While the issue of a lack of women representation is prevalent in almost all industries, technology is a particular hotbed for “one-size-fits-men” designs. When Apple first launched its health app in 2014 it was able to track minute changes in a person’s blood alcohol content and even a person’s sodium intake, yet it couldn’t track a woman’s menstrual cycle; speech-recognition software has a higher chance of understanding male voices compared to women’s (Google’s software is 70 percent more likely to understand men); and on average, smartphones are 5.5 inches in length, which is considered too big for most women’s hands and too large to fit into women’s pockets.
This is where women-founded companies should come in. Companies founded by women have a unique advantage that no male-founded company can compete with: the ability to intimately understand the true needs and wants of women.
See also: 5 Lessons for First-Time CEOs From The Founder Of Goxip, Juliette Gimenez
A UNIQUE SELLING PROPOSITION
Co-founded by Whitney Wolfe Herd, dating app Bumble, one of the world’s most successful dating apps, has a unique selling proposition: it prioritises women’s safety by allowing only women to initiate the conversation.
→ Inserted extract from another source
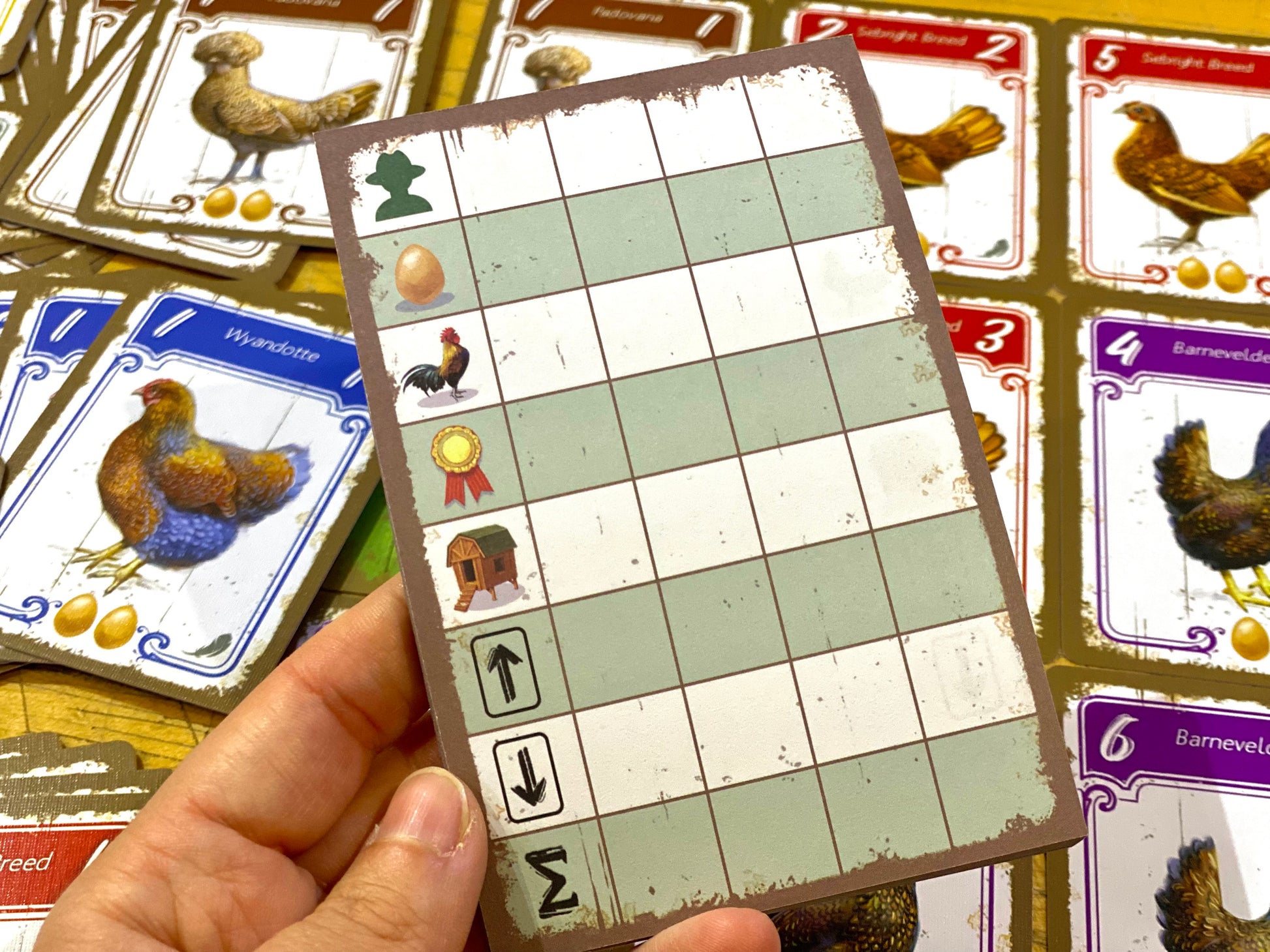Each turn, you'll place a new Chicken card in your farmyard , aiming to make it as productive and harmonious as possible. The placement rules are simple, but creating large flocks of the same breed of chickens will be a real strategic challenge.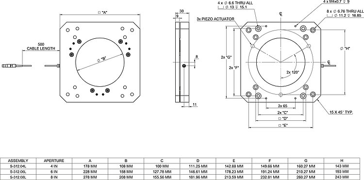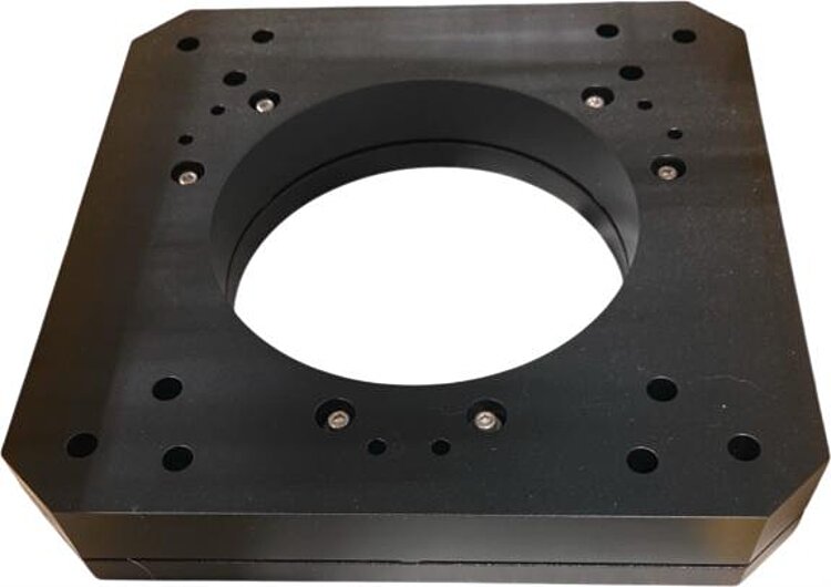 Phase shifter for optics, with tip/tilt error correction; 15 µm travel range (open loop); clear aperture, Ø 311 mm; bare wire strands; 0.5 m cable length

It has proved to be an effective strategy. Since its founding in 2014, the app has acquired over 100 million users and is now set to IPO at a US$6 billion valuation.
In 2012, entrepreneur Sara Blakely became the world’s youngest self-made female billionaire after she revolutionised the industry of shapewear with her own creation, Spanx. It was her personal experience dealing with uncomfortable and easily visible alternatives that spurred her to design Spanx—a product for women, by women. “I remember thinking [during the design process], ‘Where are the women? Why am I not speaking to any women here?’ And then it dawned on me that maybe that’s why our pantyhose had been so uncomfortable for so long, because the people making them aren’t wearing them,” Blakely told Inc.
Herd and Blakely’s ability to pay attention to the wants of women and go to market with successful products that met those wants was far from chance. Other women founders have gone on to establish some of the biggest brands in the world, including dating site Coffee Meets Bagel, which was started by sister-founders Arum, Dawoon and Soo Kang; The Body Shop, founded by Anita Roddick; ClassPass, founded by Payal Kadakia and Mary Biggins; and Canva, founded by a trio of founders including Melanie Perkins, who is now Australia’s youngest billionaire with a personal fortune of US$1.3 billion.